Capital Resources and Liquidity
The Company’s liquidity is influenced by many factors, including the amount and timing of the Company’s revenues, its cash collections from its clients and the amounts the Company invests in software development, acquisitions and capital expenditures.
The Company’s principal source of liquidity is its cash, cash equivalents and short-term investments. The majority of the Company’s cash and cash equivalents and short-term investments consist of U.S. Government Federal Agency Securities, short-term marketable securities and overnight repurchase agreements. At June 30, 2007 the Company had cash and cash equivalents of $158,278,000, short-term investments of $123,574,000 and working capital of $450,004,000 compared to cash and cash equivalents of $162,545,000, short-term investments of $146,239,000 and working capital of $444,656,000 at December 30, 2006.

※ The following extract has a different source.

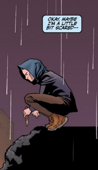 Back in San Francisco, Buffy is atop a high-rise, perched on a gargoyle, in the rain. Okay, maybe I’m a little scared, she admits to herself. But so are other people and no matter what Kennedy says, I can’t walk away from them. She spots a familiar sight after hearing a familiar sound: a victim, chased into an alley way by a vampire. As she moves quickly towards the danger, she’s not that worried about Kennedy firing her. At least she got here in time to make a difference.
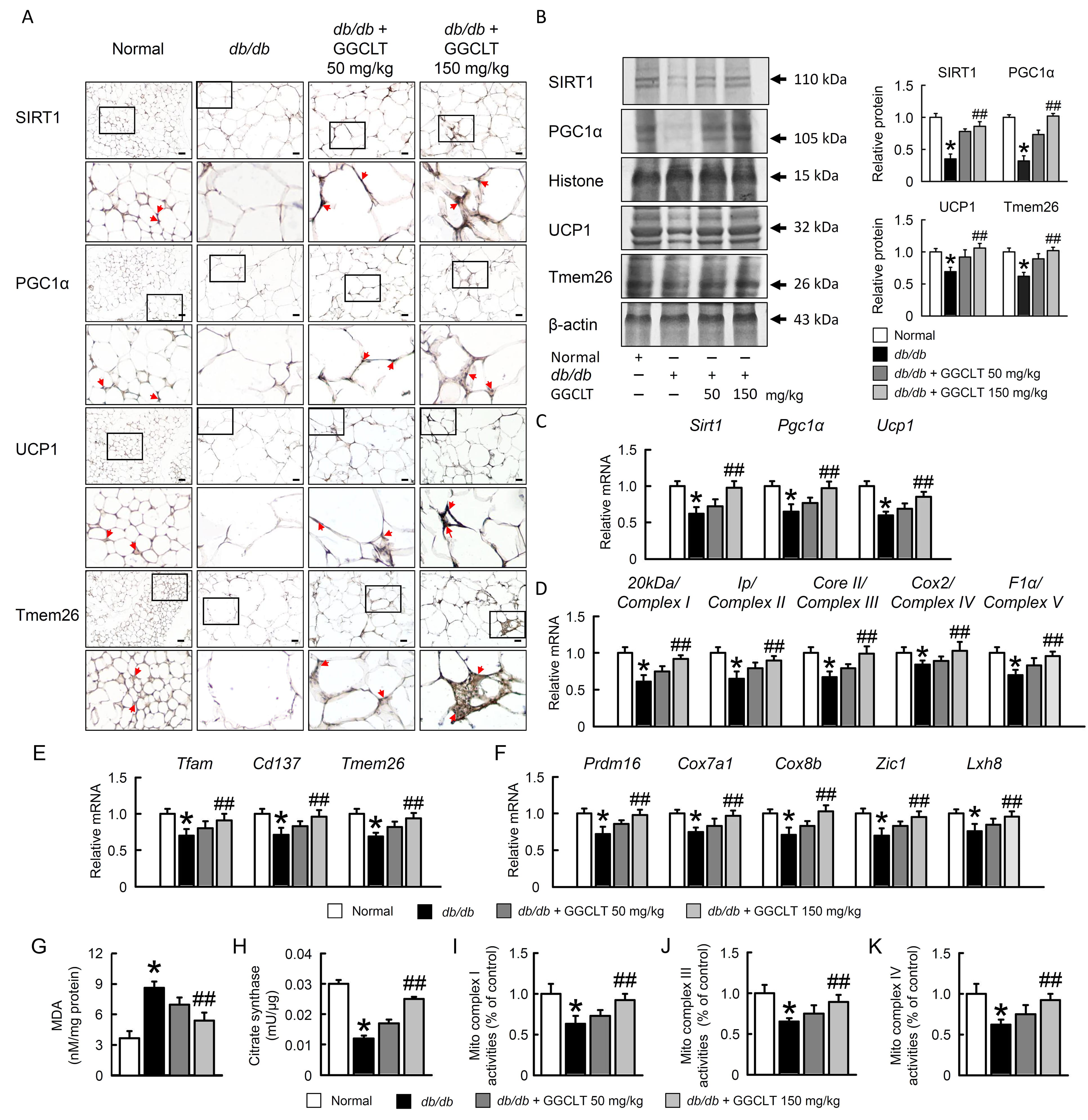 The EWAT dramatically boosted F4/80-positive macrophage infiltration in the db/db mce. Macrophage infiltration was considerably lower in the GGCLT group than in the db/db mice (Fig. 8E). Macrophages were increased in EWAT of db/db mice were due to an increase in CD11b, CD11c, and CCR7 compared with normal mice. GGCLT reduced macrophage infiltration (F4/80, CD11b) and M1 macrophage markers (CD11c, CCR7) in EWAT of db/db mice (Fig. 8E,F). On the contrary, GGCLT 150 mg/kg enhanced M2 macrophage markers (CD163, CD206) protein levels in EWAT of db/db mice (Fig. 8E,F).

Cash from Operating Activities
The Company generated cash of $106,084,000 and $110,870,000 from operations in the first six months of 2007 and 2006, respectively. Cash flow from operations decreased in the first six months of 2007, when compared to the same period in 2006, due primarily to an increase in tax payments. The Company has periodically provided long-term financing options to creditworthy clients through third party financing institutions and has on occasion directly provided extended payment terms from contract date. Some of these payment streams have been assigned on a non-recourse basis to third party financing institutions. The Company has provided its usual and customary performance guarantees to the third party financing institutions in connection with its on-going obligations under the client contract. During the first six months of 2007 and 2006, the Company received total client cash collections of $832,600,000 and $696,200,000, respectively, of which 5.1% and 6.7% were received from third party client financing arrangements and non-recourse payment assignments. Days sales outstanding were 86 days at June 30, 2007, decreasing from 91 days at July 1, 2006.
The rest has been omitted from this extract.